Rolling off onto other storage methods is a feature on the roadmap for timeseries
, but is not yet available; however, if simply dropping the data satisfies your use case, a retention policy can be easily configued with a single call:
SELECT set_ts_retention_policy('divvy_trips', '2 years');
┌─────────────────────────┐
│ set_ts_retention_policy │
├─────────────────────────┤
│ ∅ │
└─────────────────────────┘
This function returns the retention policy for the specified table and returns the value of the old policy (here NULL
, since by default none was set when we initially set up this table). Data is not dropped immediately, but every time the maintenance function runs (once an hour), any partitions entirely older than the cutoff will be dropped.

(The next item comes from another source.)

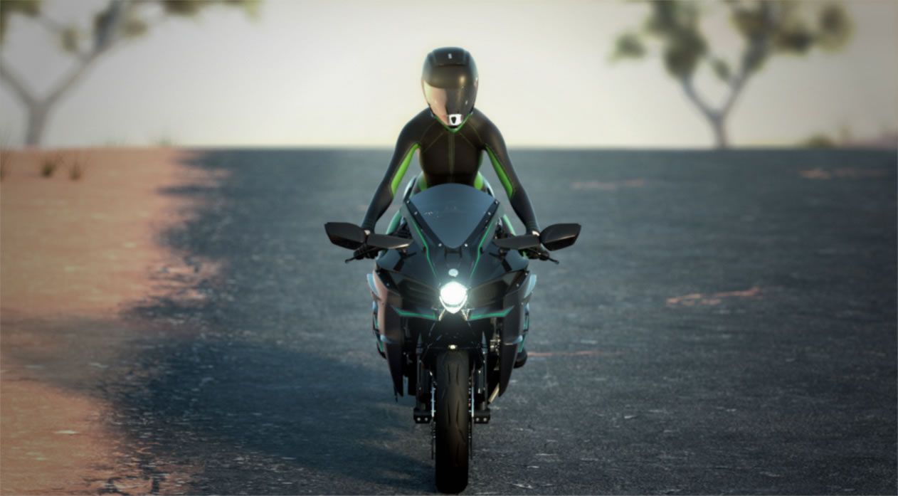 For my next project, I will explain the supercharger working in the Ninja H2R. I used a DAZ3D Genesis model. The whole scene is rendered with Octane in Carrara 8 Pro. I used some noise in post-production to make it more like a photo than a 3d graphics art.
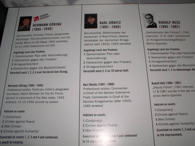 Ходали смо из просторије у просторију загледајући фотографије осуђених нацистичких вођа, са исписаним биографијама и побројаним злоделима. Херман Геринг, Карл Дениц, Рудолф Хес, Ерих Редер, Јоаким фон Рибентроп, Вилхелм Кајтел, Балдур фон Ширах, Ернст Калтенбрунер, Фриц Саукел и други. Неки осуђени на дугогодишње робије, неки на смрт вешањем. Геринг се отровао цијанидом пре него су стигли да га обесе. Човек који је у младости био један од летачких асова из Првог светског рата, потом Хитлеров рајхсмаршал и заповедник Луфтвафеа, живот је завршио као ратни злочинац и нирнбершки осуђеник. Међу црно-белим фотографијама уморених нациста, налазила се и његова након тровања, у лежећем положају, са тврдим укоченим погледом у метафизичку празнину до које га је довела идеологија.

We can force a maintenance cycle and verify partitions were dropped like so:
SELECT run_maintenance();
┌─────────────────┐
│ run_maintenance │
├─────────────────┤
│ │
└─────────────────┘
SELECT COUNT(*) = 0 AS data_gone
FROM divvy_trips
WHERE started_at < (now() - INTERVAL '25 months');
┌───────────┐
│ data_gone │
├───────────┤
│ t │
└───────────┘
Note: the above query uses 25 months
rather than 2 years
because it is likely that the moment exactly two years ago occurs somewhere in the middle of a partition, meaning that partition should not be dropped yet. The partition containing the point 25 months ago will definitely be dropped.